╭─ Records for this task
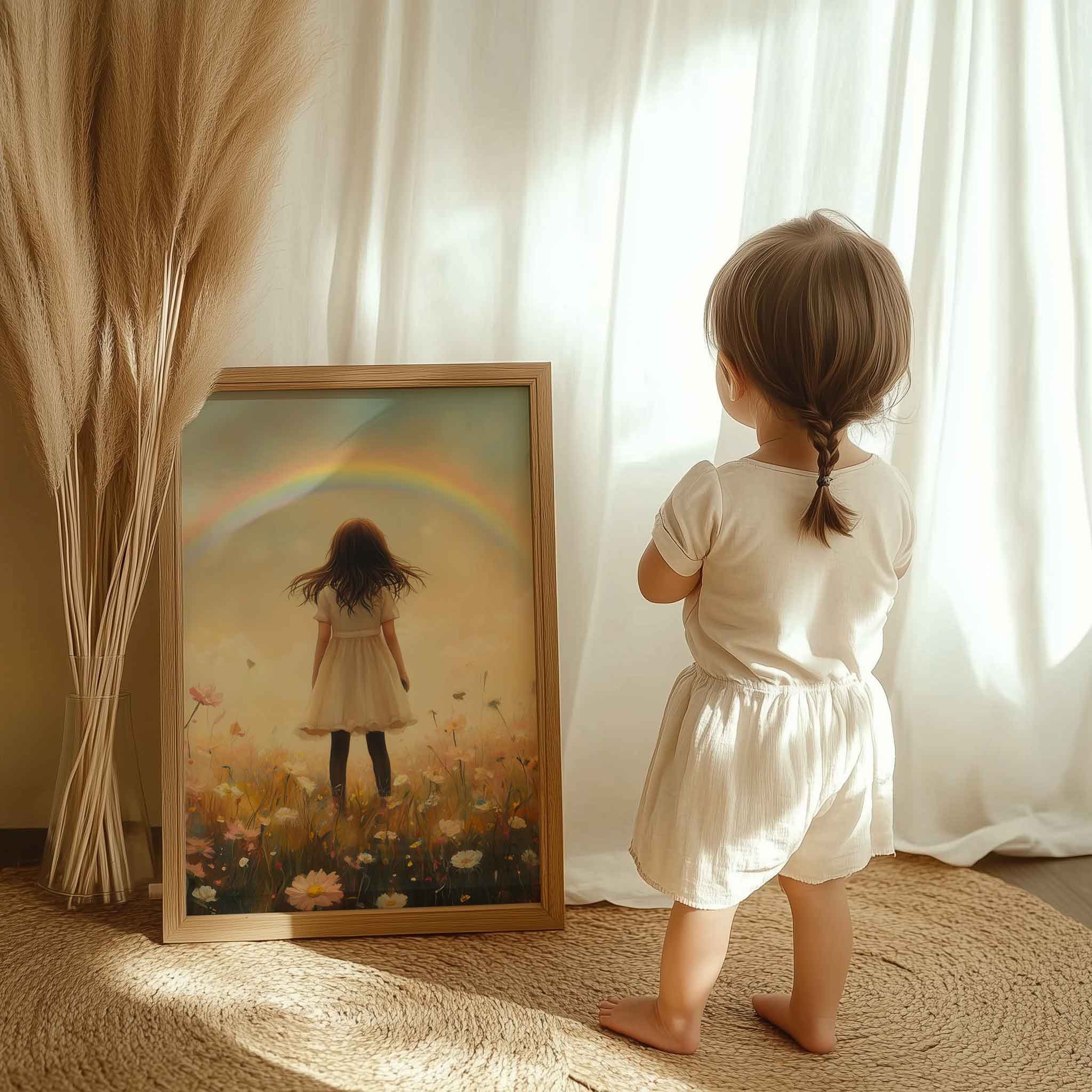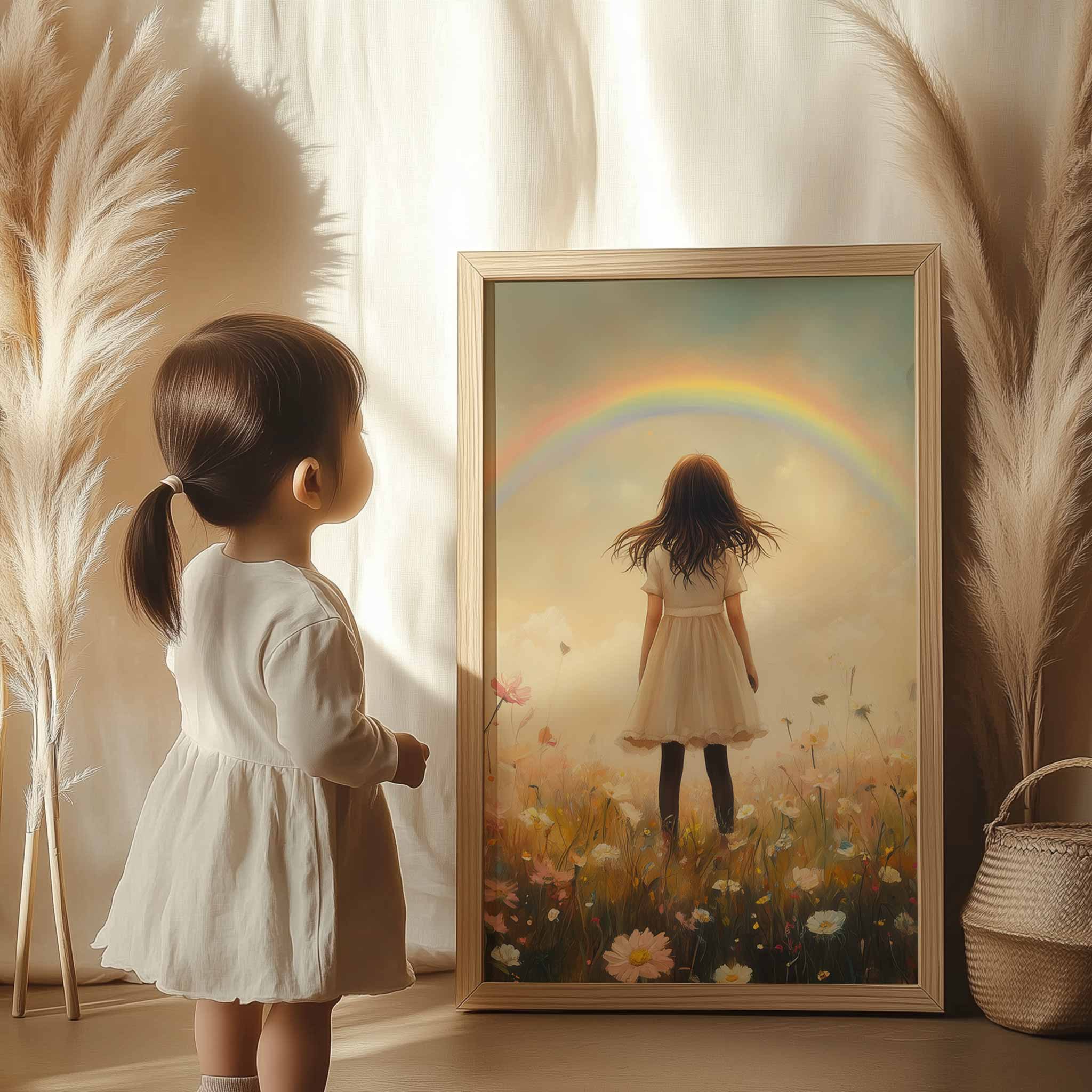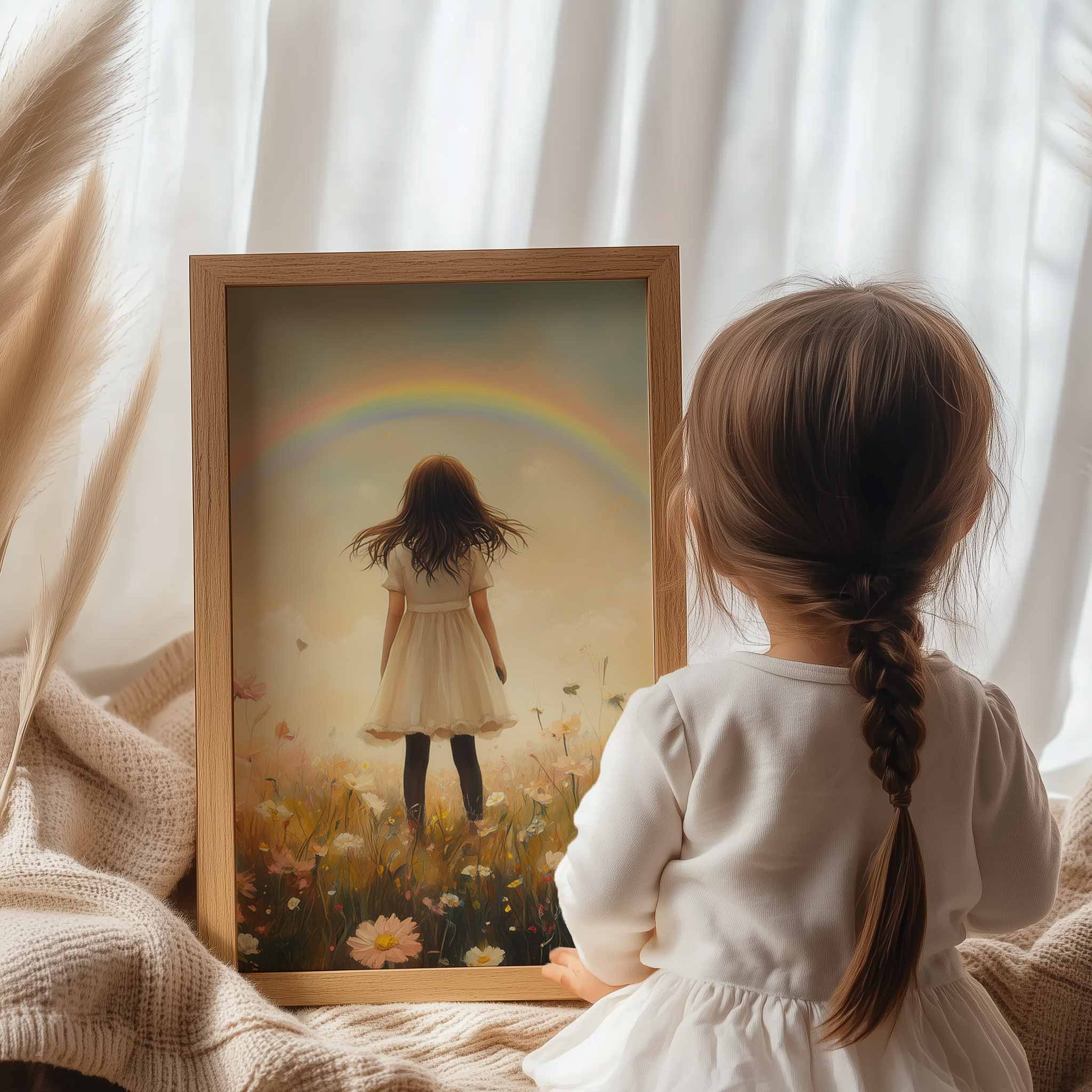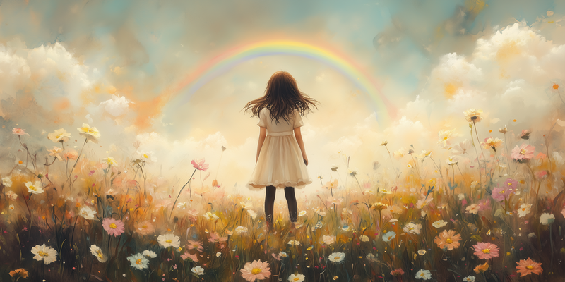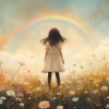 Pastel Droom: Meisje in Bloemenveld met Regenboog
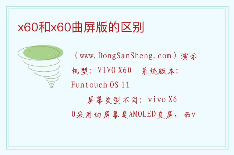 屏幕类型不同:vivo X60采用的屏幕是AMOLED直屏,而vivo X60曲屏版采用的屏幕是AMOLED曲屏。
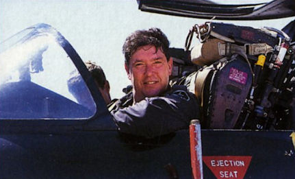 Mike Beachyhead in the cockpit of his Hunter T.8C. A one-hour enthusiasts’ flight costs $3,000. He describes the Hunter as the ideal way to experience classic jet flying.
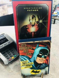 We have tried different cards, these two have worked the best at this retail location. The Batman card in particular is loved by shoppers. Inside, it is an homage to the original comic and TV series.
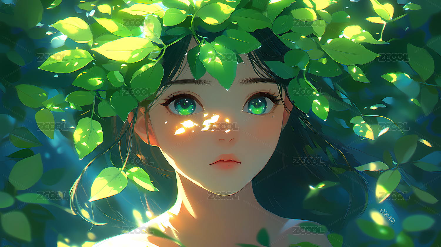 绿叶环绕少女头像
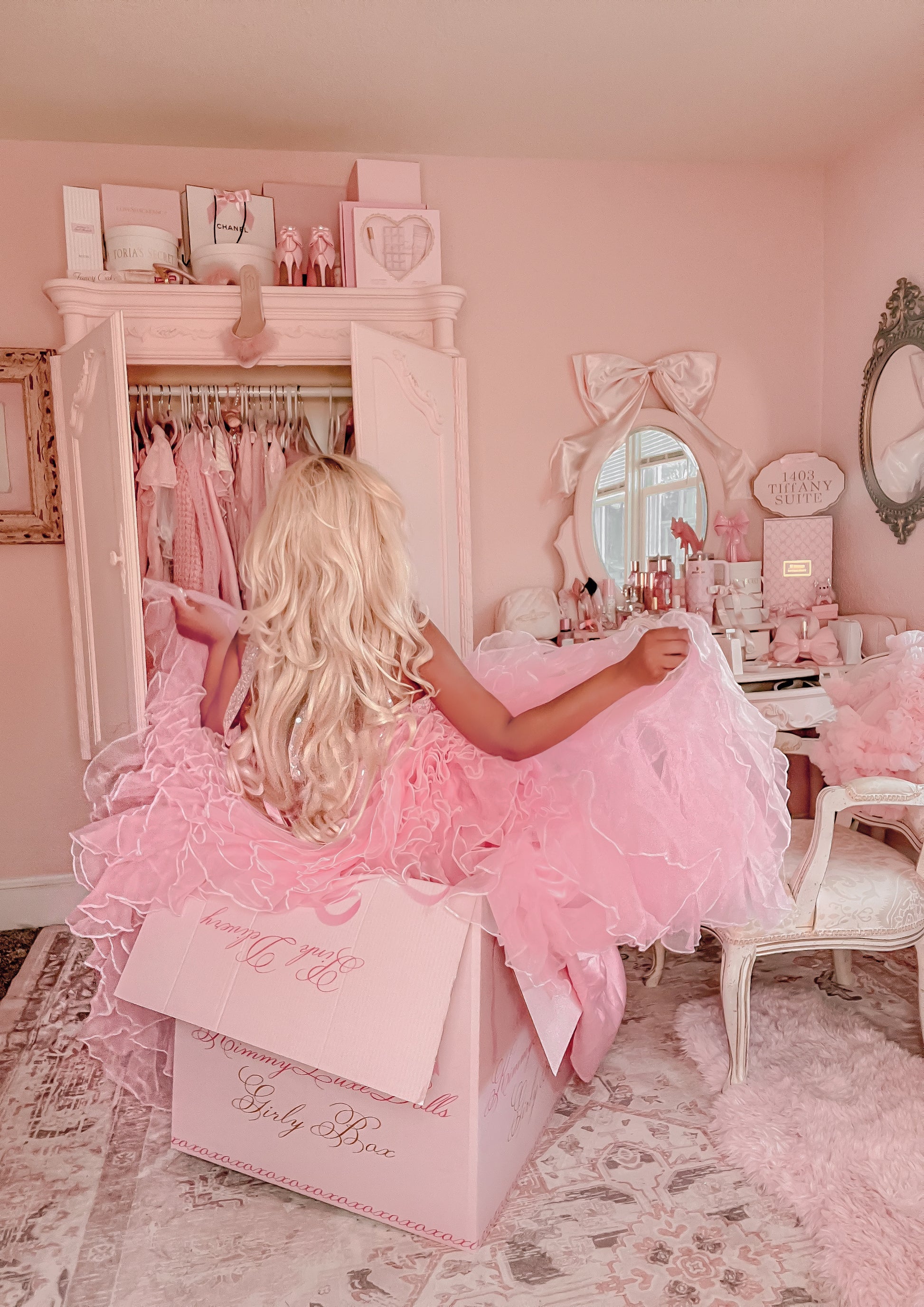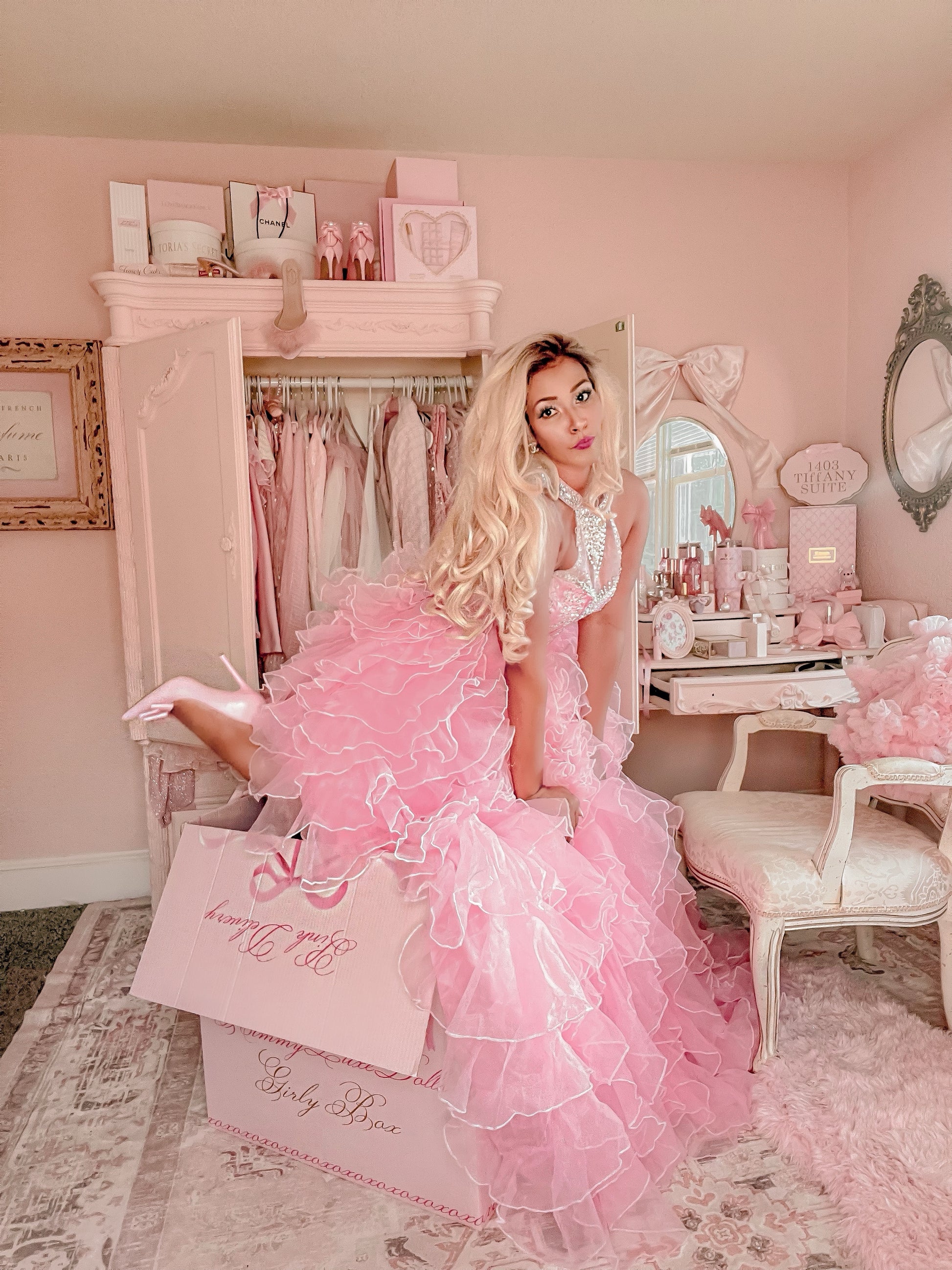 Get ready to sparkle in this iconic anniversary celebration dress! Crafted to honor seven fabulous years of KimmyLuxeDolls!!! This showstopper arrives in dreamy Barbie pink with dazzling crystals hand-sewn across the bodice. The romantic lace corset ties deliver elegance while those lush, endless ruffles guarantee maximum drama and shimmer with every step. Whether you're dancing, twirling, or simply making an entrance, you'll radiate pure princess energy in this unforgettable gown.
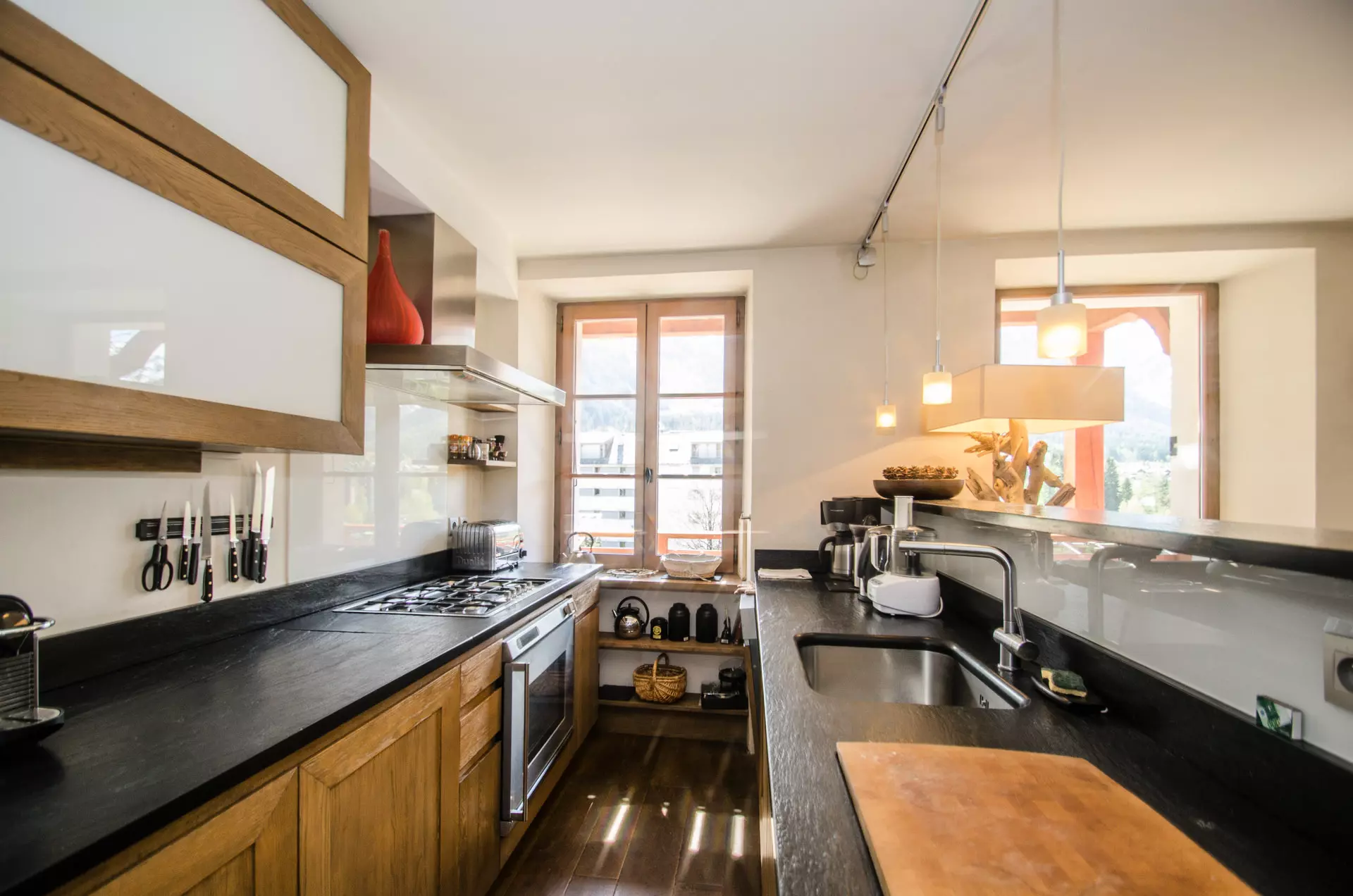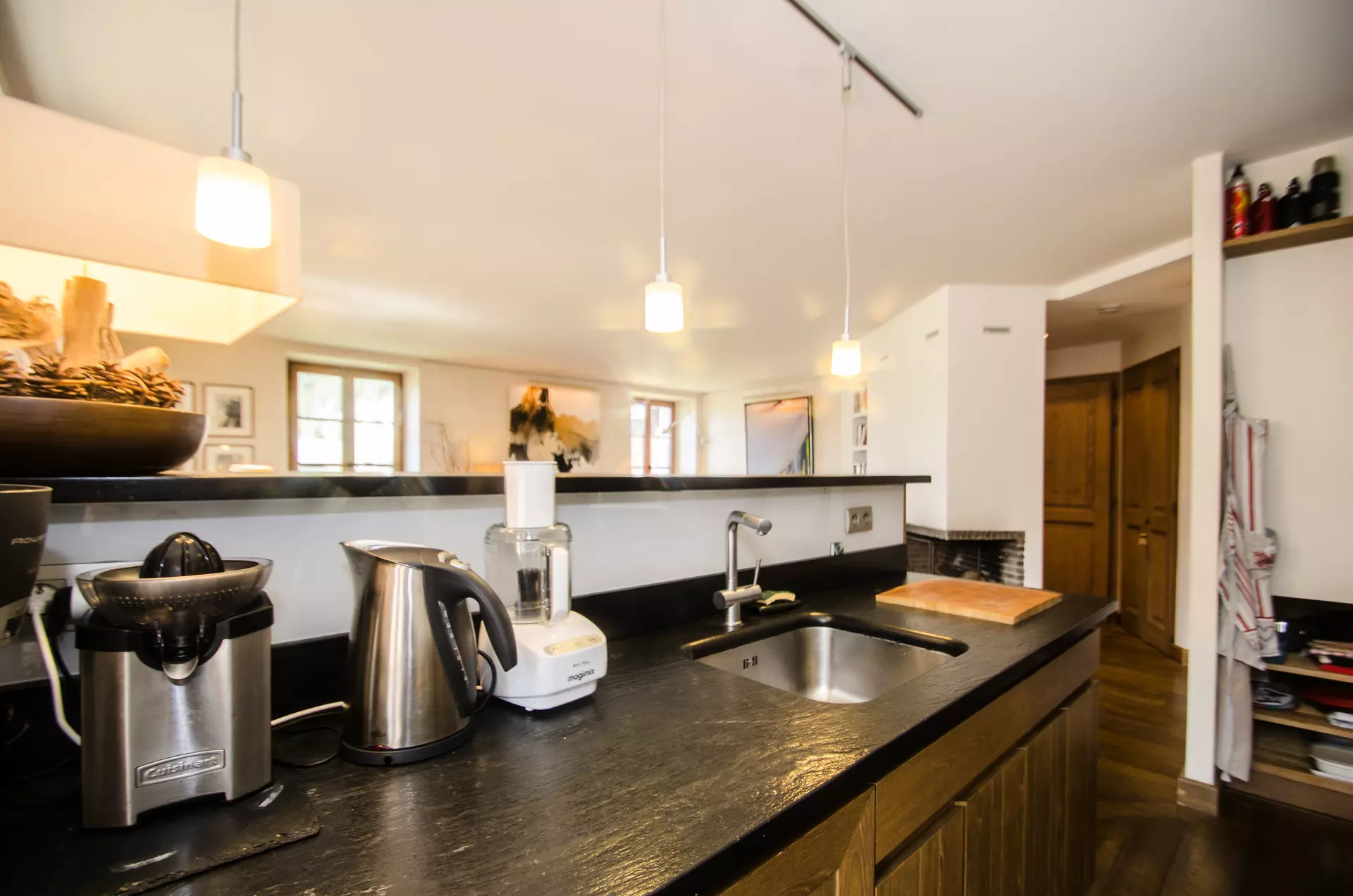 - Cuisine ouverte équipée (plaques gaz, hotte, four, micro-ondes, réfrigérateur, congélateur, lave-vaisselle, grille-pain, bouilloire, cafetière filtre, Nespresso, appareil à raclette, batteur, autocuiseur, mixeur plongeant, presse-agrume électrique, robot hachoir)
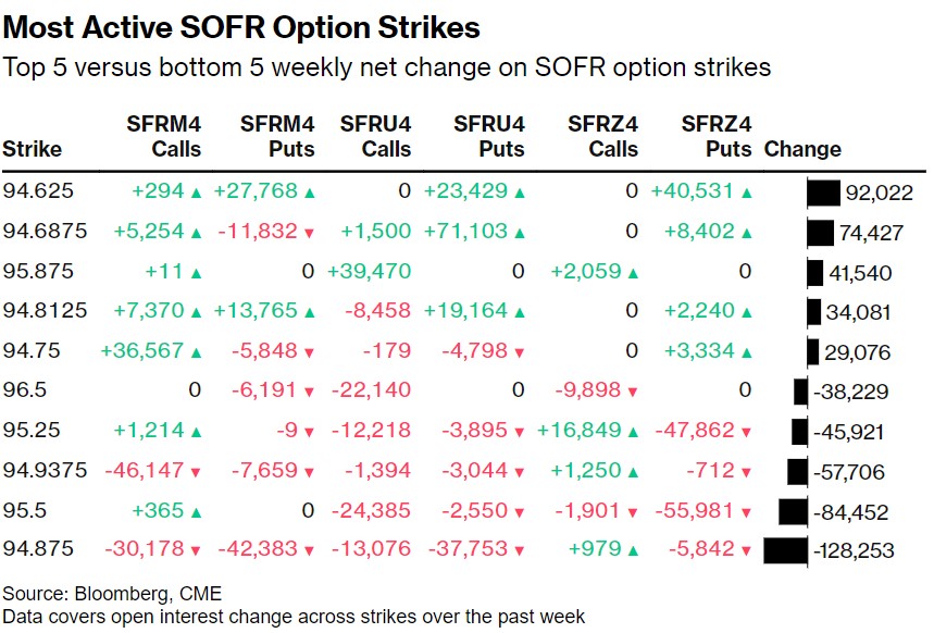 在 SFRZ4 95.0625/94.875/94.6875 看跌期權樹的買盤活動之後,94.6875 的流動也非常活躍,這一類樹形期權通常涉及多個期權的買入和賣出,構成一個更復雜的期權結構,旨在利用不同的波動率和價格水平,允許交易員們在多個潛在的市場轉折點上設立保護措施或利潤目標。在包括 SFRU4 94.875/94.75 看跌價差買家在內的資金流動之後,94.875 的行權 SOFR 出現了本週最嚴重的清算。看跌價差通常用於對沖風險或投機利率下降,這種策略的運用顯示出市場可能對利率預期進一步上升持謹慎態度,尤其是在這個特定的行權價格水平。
╰─
### What you should do
Reproduce only the lines from the beginning of the data through the line that contains "Mike Beachyhead in", both included, and please drop the pictures.

### The answer
 Pastel Droom: Meisje in Bloemenveld met Regenboog
 屏幕类型不同:vivo X60采用的屏幕是AMOLED直屏,而vivo X60曲屏版采用的屏幕是AMOLED曲屏。
 Mike Beachyhead in the cockpit of his Hunter T.8C. A one-hour enthusiasts’ flight costs $3,000. He describes the Hunter as the ideal way to experience classic jet flying.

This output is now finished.